Problems with datalog on older units (>1 year)

overeasy · September 9, 2018, 4:38pm

I’ve fielded several problems in the last week that exhibited symptoms of corrupted current log. Without the actual log, it has been impossible to determine what is going on or even if it represents a firmware or hardware issue. That situation changed last night when my datalog crashed with the same symptoms.

The current datalog is a huge file. It maxes out at close to 2GB, the practical limit in a FAT32 file system. When it gets to the limit set, it wraps around and starts overwiting older entries. If your log has wrapped, you will see (in the status datalog tab) that the starting date/time advances with the ending date/time. If the starting date/time is constant, it hasn’t yet wrapped.

These problems seem to only effect datalogs that have wrapped. The default wrap size is 400 days worth of data or 6,912,000 entries. That may represent more than 400 days in any particular case if there are lapses where the IoTaWatt was not recording.

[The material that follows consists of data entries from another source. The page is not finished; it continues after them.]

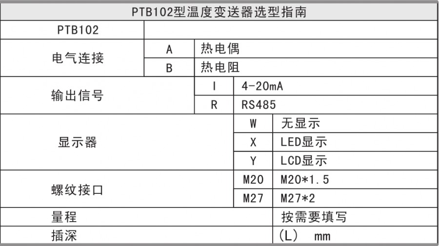 PTB102采用進口溫度敏感元件,經(jīng)過專用集成電路處理,輸出4-20mA電流信號及RS485數(shù)字信號。產(chǎn)品具有精度高、穩(wěn)定性好、壽命長、可靠性高、安裝方便等特點。適用于石油、化工等行業(yè)進行流體溫度的測量。
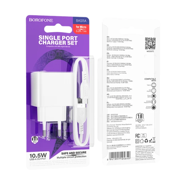 Сетевое З/У Borofone BAS11A 1USB 2.1A 10.5W с кабелем microUSB белый (1/54/216)
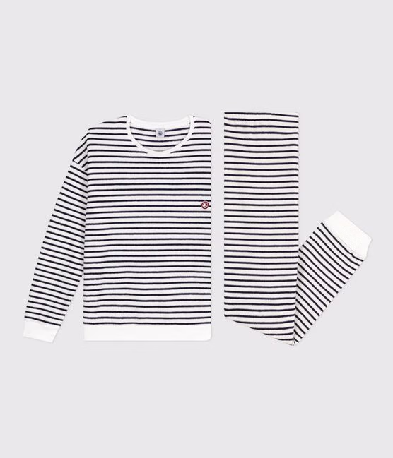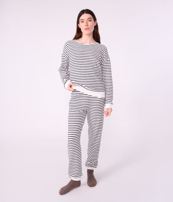 Damespyjama van zachte en warme badstof. Dit model is gemaakt van badstof uit katoen/model voor een heerlijk zacht gevoel en een soepelvallende pasvorm. De stof is geruwd aan de binnenkant voor extra warmte en zachtheid. Bovenstuk in sweatshirtmodel, aansluitend aan de taille met een ribboord. Ribboord onderaan de mouwen en de pijpen. Elastische tailleband. Geborduurd Petit Bateau-logo op de borst. Voor het hele gezin: de print komt ook terug op het model voor baby’s en kinderen. Het model is 172 cm groot en draagt maat S.
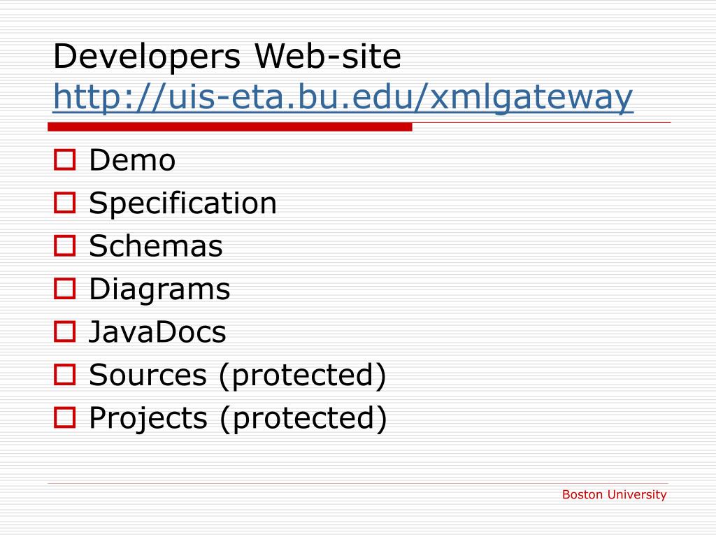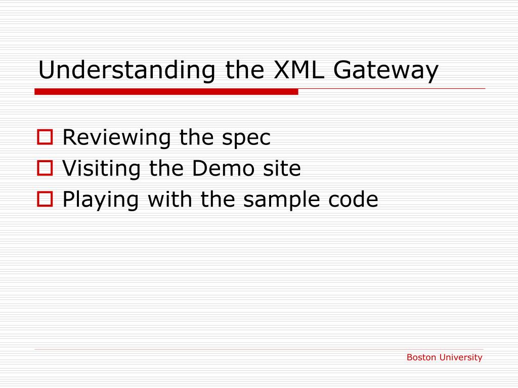 Understanding the XML Gateway • Reviewing the spec • Visiting the Demo site • Playing with the sample code Boston University
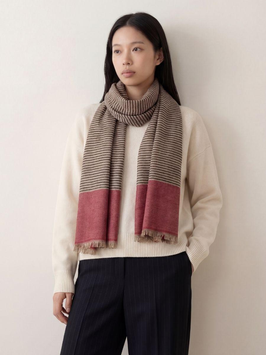 Surkh Kinara is an elegant handwoven Kashmiri cashmere scarf that blends timeless minimalism with a bold finishing touch. The upper body features fine charcoal pinstripes on a warm beige base, creating a refined, tailored look, while the deep crimson-red border adds richness and contrast like a signature accent at the edge of a classic silhouette. Crafted in pure cashmere for a feather-soft feel and natural warmth, this scarf is a versatile luxury essential, perfect for layering over neutrals and elevating everyday winter styling.
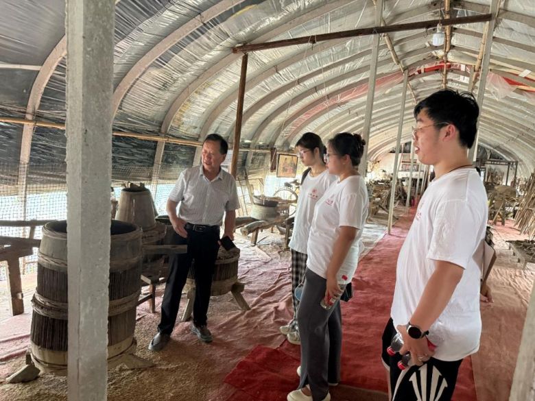 七月的熱浪裹挾著田野綠意,實踐團成員滿懷熱忱抵達高店鄉(xiāng)江淮民俗博物館。在館長王世淮的引領下,志愿者們漫步于陳列著上世紀六七十年代農耕器具、勞動工具、生活用具的展廳——銹跡斑駁的犁鏵、古樸旋轉的紡車、泛黃蜷曲的票據、按鍵磨損的老式收音機……數千件展品如時光切片,完整保留著江淮地區(qū)農耕文明的肌理。
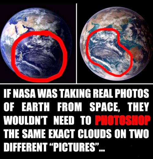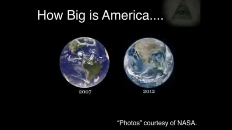 Flat Earthers believe the spacewalks and the space station are filmed on movie sets, using state-of-the-art special effects. Following is an example of how this could be done: (1 minute 51 seconds) Download this video: Right Click and select "Save Link As..." NASA posted official pictures of the Earth from space. Note the difference from 2007 to 2012. How did North America get bigger?
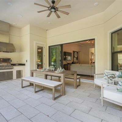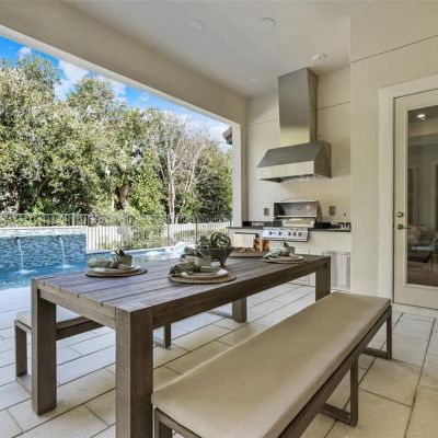 Courtyard, Fire Pit, Irrigation System, Outdoor Grill, Outdoor Kitchen, Shade Shutter(s), Sidewalk, Sliding Doors
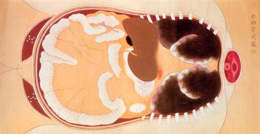 この画像を大きなサイズで見る9.山脇東洋の息子、山脇東門の「玉砕臓図」(1774年)
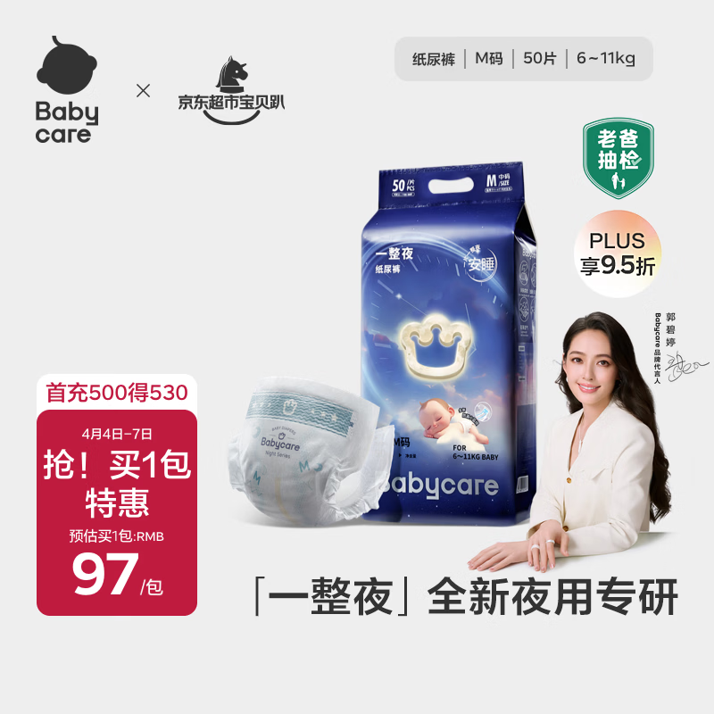 babycare一整夜纸尿裤M50片(6-11kg)大吸量透气夜用安睡婴儿尿不湿
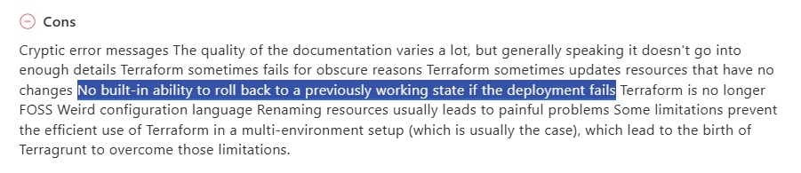 Unlike some other Hashicorp Terraform Cloud alternatives on the market, the platform doesn’t give you a native, simple “rollback to last known good state” button.

I’m in the process of fixing this issue, and will expedite a release with the fix. I may also be able to introduce code to repair previous damage. Too soon to tell. In the meantime, there is an immediate way to solve the problem if it happens to you. Delete the current-log. That may sound drastic, but all of your history is still in the history log, and it is served up seamlessly when you use the local graph app to view the data. In fact, even with a large current-log, virtually all of the data served to the graph app comes from the history log. What you lose is resolution below 60 seconds. All of the standard graph requests only require 2 minute resolution.

To delete the current-log, enter the following query on your browser:

http://iotawatt.local/command?deletelog=current

The usual indication that you are experiencing this problem is a solid green LED, and when you look at the message log it ends with the message:

MM/DD/YY HH:MM:SS dataLog: service started.

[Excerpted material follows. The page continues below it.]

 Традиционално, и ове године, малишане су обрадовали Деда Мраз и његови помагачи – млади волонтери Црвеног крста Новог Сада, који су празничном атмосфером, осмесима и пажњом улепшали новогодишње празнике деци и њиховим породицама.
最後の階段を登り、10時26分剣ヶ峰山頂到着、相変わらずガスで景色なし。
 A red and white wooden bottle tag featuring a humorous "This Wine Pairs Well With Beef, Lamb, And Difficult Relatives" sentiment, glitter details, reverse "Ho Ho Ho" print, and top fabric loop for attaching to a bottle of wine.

I don’t expect too many more of these as there were not that many sold during that period, but if you suspect you are experiencing this problem but aren’t sure, just post the question alongg with a brief desciption of the symptoms and your recent message log.

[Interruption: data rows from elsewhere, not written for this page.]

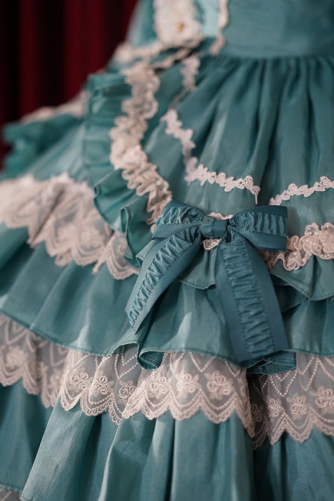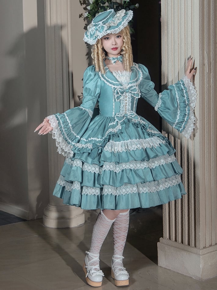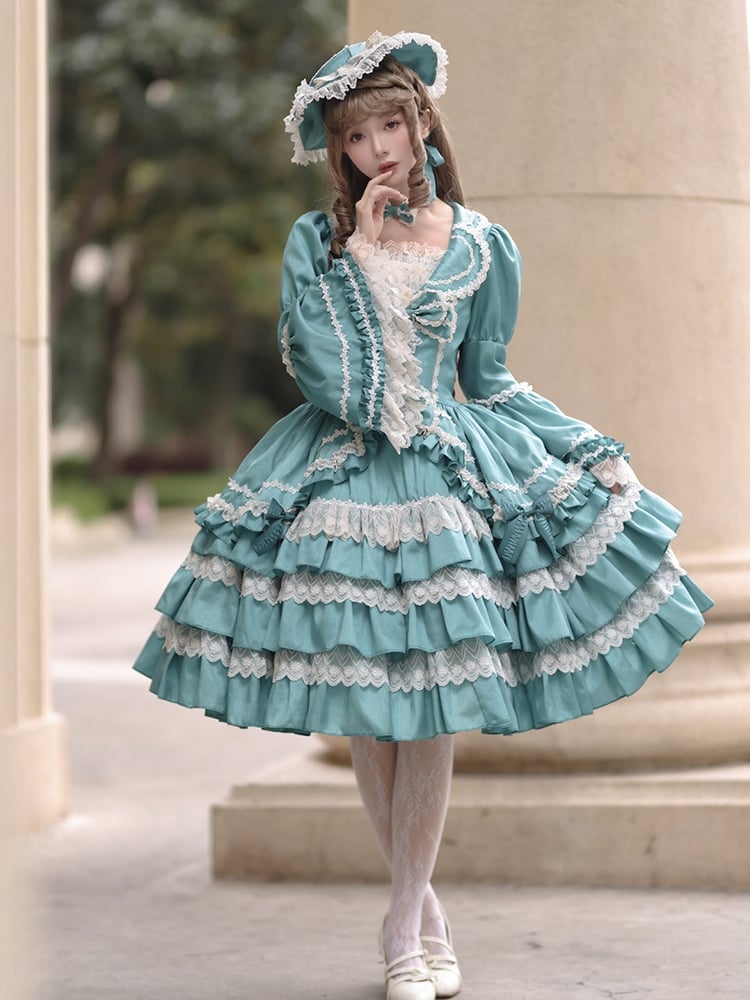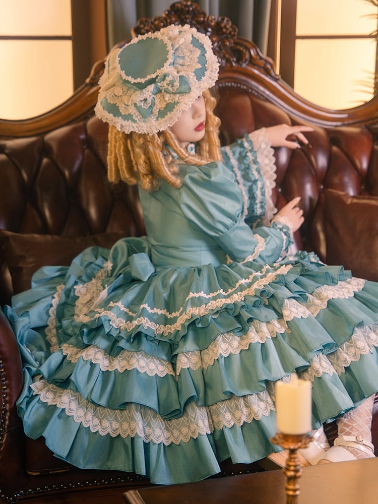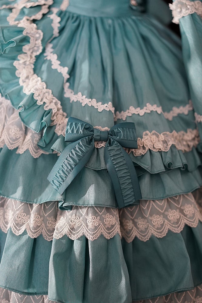 ターコイズグリーンのティアードフリルスカート、長袖ロリータドレス
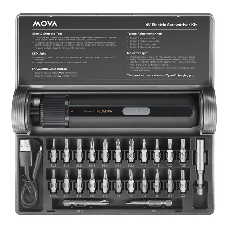 MOVA MSD008 to wkrętak elektryczny 4V z momentem obrotowym do 8 N·m w trybie Electric i do 12 N·m w trybie Manual. W połączeniu z zestawem 24 bitów umożliwia sprawną pracę przy wielu rodzajach śrub – sprawdzi się w domowym warsztacie i nie tylko. Dodatkowo w zestawie znajdziesz kompaktowe etui, która ułatwia przechowywanie i organizację narzędzi.
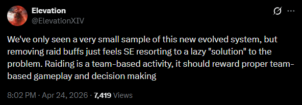 >>737593652The reason that all of the recent content has been flopping and not played isn't because it's not HARDCORE enough, it's because the jobs are so monotonous and uninteresting to play. If the Evolved mode works out and jobs have some special spice to them again, you can multiply the milage you get out of ANY kind of gameplay content by playing it on different jobs.
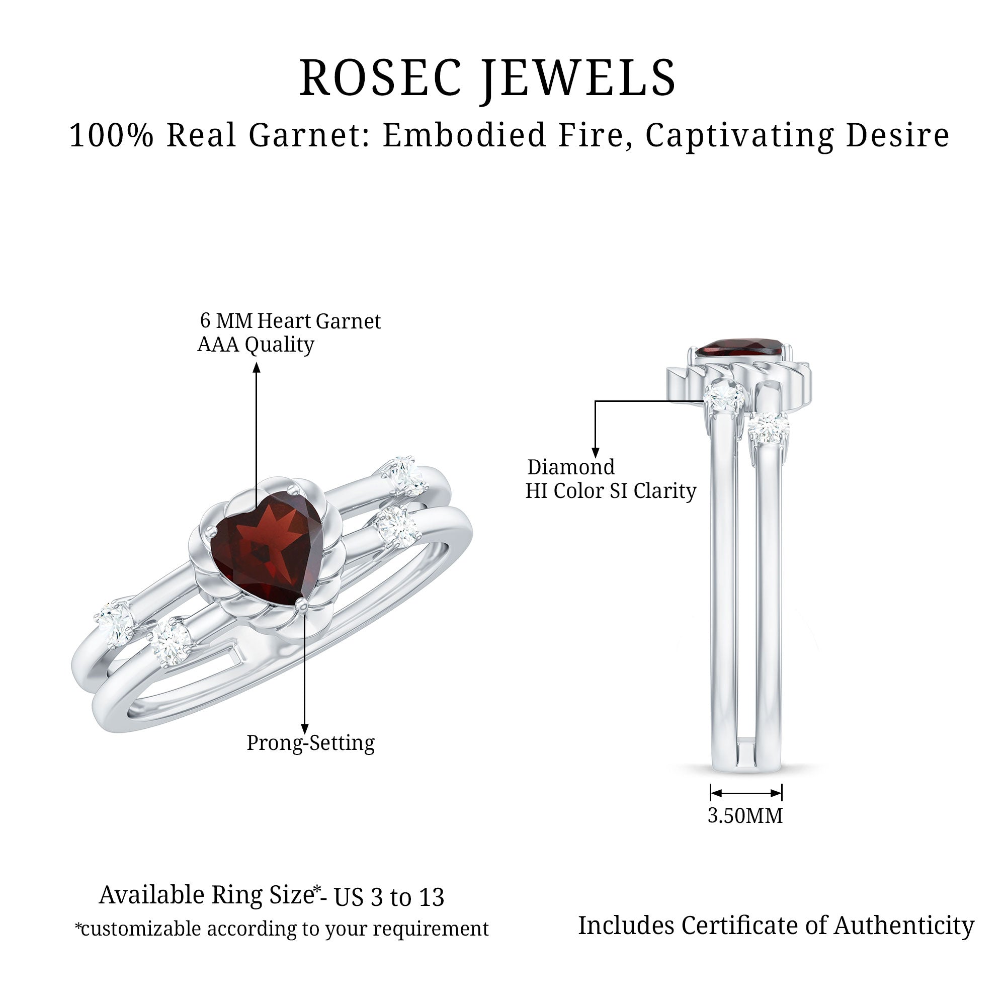 An emblem of everlasting love, this Heart Shaped Engagement Ring is the perfect symbol of your deep affection. At its center, a stunning 6 mm Heart Shape Garnet is set in Prong Setting with a unique design, representing the passion and warmth you share. The centerpiece is accentuated by dainty Diamond stones that enhance the romantic charm of the Garnet Engagement Ring. The Double Band design offers a modern twist on a classic engagement ring, providing a unique and bold look while still being incredibly elegant. The bands, adorned with delicate HI-SI Diamond stones, embrace the AAA Quality Garnet center stone in a beautiful display of unity and commitment. Whether you are proposing or celebrating a meaningful milestone, this Double Band Engagement Ring is an unforgettable way to express eternal love. Presented in a signature jewelry box and available in various US ring sizes, this Garnet Diamond Ring is ready to be the perfect fit for your loved one. Romantic, timeless and full of heart, this Garnet Heart Ring captures the essence of a love that will last a lifetime.
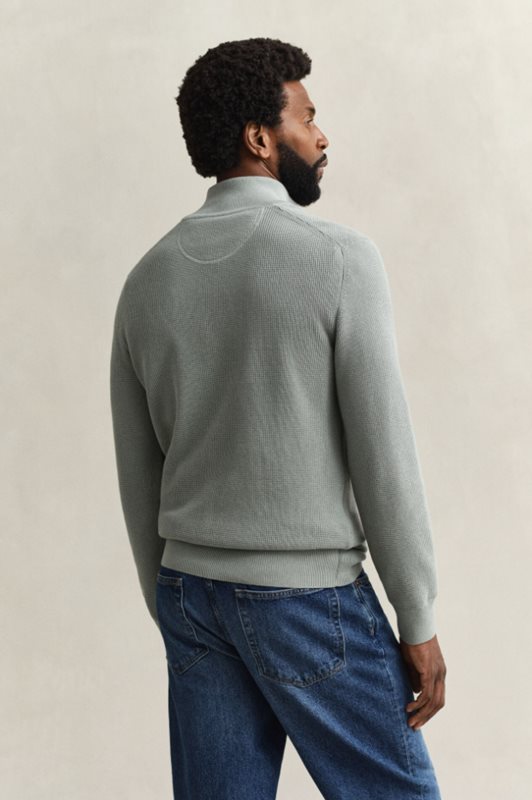 Tröjan är stickad i en ekologisk bomullsblandning med en lätt våffelstruktur. Den har en regular fit, dragkedja vid halsöppning, ribbstickade muddar och en sköld broderad på bröstet.

overeasy · September 10, 2018, 1:08am

I’ve had some time to look this over in greater depth. I found three instances where my datalog had been corrupted. One on March 3, one on July 11, and one on Sept 7. The first two are traceable to a problem that was fixed shortly after July 11 with release 02_03_09, and would have installed on all but MAJOR release by July 29, 2018. It had to do with downloading a new release asynchronously. The SD routines are not very robust, and can’t be used in an asynchronous callback. There were other symptoms of this problem in that the downloaded file sometimes would not verify.

The last failure on Sept 7 appears to be the result of faulty code to repair a file with a bad last record or two. It’s impossible to reconstruct everything that might happen as a result, but it’s my best guess as to how that corruption occured. It is unlike the corruption of the first two cases.

What I have done is eliminate the second problem, and introduced more diagnostic output in the event of a damaged log. It will still stop your system for about an hour while it dumps a diagnostic file, and then it will delete the current log and restart. A message will issued, and during the dump, a LED sequence will be displayed (R-G-R).

I’ll try to get this out in ALPHA over the next few days.